After talking to Victor I decided against adding tests for this PR and believe we can rely on code review to ensure correctness of the changes. The code can only affect liveness of the protocol, not safety, and tests would add lot of additional code that might need to be refactored later.

Notes

There are few things that might need to be improved in the future.

remove_oldest_connected_peerdoes not actually remove the peer with the oldest TCP connection, but the one that we have not received any message from in the longest time.
Some parts of the code use "ip" to refer to a socket address (which is a tuple of IP and network port). I already changed some variable names from peer_ip to peer_addr, to address this.
Virtually all the logic resides in the trait declaration right now. We should either actually specialize the different implementations, or simplify the code by converting Heartbeat to a struct.

node/router/src/heartbeat.rs

vicsn · 2025-02-27T14:04:17Z

Logic LGTM! Approving once a deployed devnet passes with this code.

node/router/src/heartbeat.rs

niklaslong · 2025-03-03T12:20:13Z

node/router/src/heartbeat.rs

+        // Disconnect from the oldest connected peer, which is the first entry in the list
+        // of removable peers.
+        // Do nothing, if the list is empty.
+        if let Some(oldest) = self.get_removable_peers().into_iter().map(|peer| peer.ip()).next() {


Really appreciate the addition of the comment here! I don't mean to nit but this might be a little more idiomatic:

Suggested change

if let Some(oldest) = self.get_removable_peers().into_iter().map(|peer| peer.ip()).next() {

if let Some(oldest) = self.get_removable_peers().first().map(Peer::ip) {

I might also suggest we add a unit test for get_removable_peers as getting the order wrong there would lead to a more unstable network? I'm not sure how involved test writing might be here, we could perhaps include this in future improvements to our test coverage, wdyt?

Well now you're just showing off! 😛

And yes since get_removable_peers peers is not influenced by timeouts, it can be unit tested.

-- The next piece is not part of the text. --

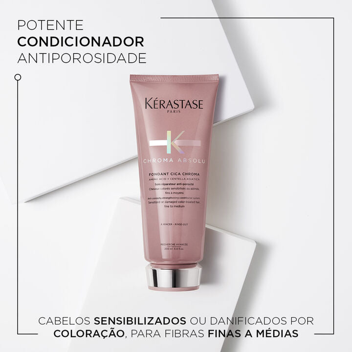O Fondant Cica Chroma é um condicionador para cabelos coloridos adaptado para fios finos a médios. Seu efeito anti-porosidade é o segredo para manter a cor preservada e cabelos brilhantes. Este condicionador foi especialmente formulado com Aminoácidos e Centelha Asiática, sendo capaz de penetrar profundamente no núcleo da fibra e deixar os fios 86% mais fortes*, reduzindo a porosidade da fibra para uma cor mais brilhante e duradoura. Esta fórmula avançada ajuda a proteger o cabelo das propriedades de remoção de água dura durante o banho*. O cabelo fica mais saudável e até 92% da intensidade da cor é preservada após 6 semanas**.
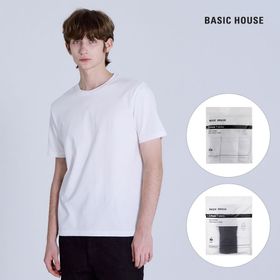 베이직하우스 면16수 고밀도 라운드 반팔티셔츠 2팩

niklaslong · 2025-03-03T12:59:42Z

node/router/src/heartbeat.rs

                // Disconnect from this peer.
-                self.router().disconnect(peer_ip);
+                self.router().disconnect(peer_addr);


I think peer_ip here was correct? disconnect internally calls resolve_to_ambiguous which maps the listener to the ephemeral address (ip + port).

You might have noticed this already but just in case, the convention is:

peer_ip (granted, a slight misnomer): the peer's listener SocketAddr (ip + port)

peer_addr: the peer's ephemeral SocketAddr (ip + port, though only the port should be different from the listener)

Is this naming convention documented anywhere? If not, where would be a good place?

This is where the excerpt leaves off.